А Байройт нам совсем не конкурент, так как у них один Вагнер. Тем более, что главный спец по Вагнеру Кристиан Тилеман работает много в Дрездене и активно сотрудничает с «Dresdner Musikfestspiele». Еще у Дрездена есть одно преимущество перед абсолютно всеми фестивальными городами — доступность. Неделя в Байройте в посредственном отеле — который еще нужно поискать и заказать заранее — обойдется в несколько тысяч евро, а в Дрездене лучшие гостиницы, демонстрирующие чудеса современного дизайна и поражающие разнообразием европейской кухни, находятся возле Фрауэнкирхе, в самом сердце города, и проживание в них обходится раза в три дешевле, чем везде.
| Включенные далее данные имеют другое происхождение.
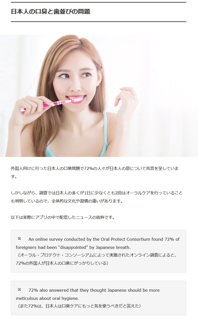 하지만 영미에서는 어릴적부터 치과의료에 대한 중요성을 느끼고 있기에 예방과 미적인 관심이 매우 높아 일본이 아직 따라가지 못하고 있는것이 현실입니다. 거기다 일본인은 치아에 돈을 들이기보다는 패션이나 자동차,취미 같은 자기투자를 하는 경향이 있는 것 같습니다. 이것도 치아에 대한 의식을 저하시키는 원인의 하나. 옷이나 소지품에 대한 의식은 높지만 평생 같이하는 치아는 문제가 생기고 나서야 치과에 가는 사람이 대부분입니다. 이러한 일본인의 치아 의식에 대해 해외 사람들은 어떻게 생각하고 있을까요? 예를 들어 일본에서는 귀엽다고 매력포인트가 되는 덧니도 영미에서는 드라큐라를 연상시킨다며 별로 좋은 이미지가 아니라고 합니다. 또한 캐나다 밴쿠버에 있었을 때 이런 이야기를 들은적이 있습니다.「중국인, 한국인, 일본인의 구별이 가지 않을 때 치아를 보면 금방 알수 있어. 치열이 안좋으면 일본인이야」라고 그런 의견을 듣다가 일본에 돌아왔더니 확실히 일본인의 치열의 고르지 못함, 치아의 불결함이 눈에 띄는 것을 실감 했습니다.

Это преимущество Востока, пережиток ГДР, если хотите. Дрезден продолжает возрождаться из руин, становится все краше.

— Тематические фестивали, как кажется, выходят в тираж. Вы продолжаете конструировать свой форум вокруг одной большой темы, и вам это явно удается. По городу два месяца ездили трамваи с изображением красной, типично британской телефонной будки в качестве рекламы «Dresdner Musikfestspiele», в самых глухих точках Дрездена висели фестивальные растяжки с магическим словом «Империя». Городу все это было очень к лицу.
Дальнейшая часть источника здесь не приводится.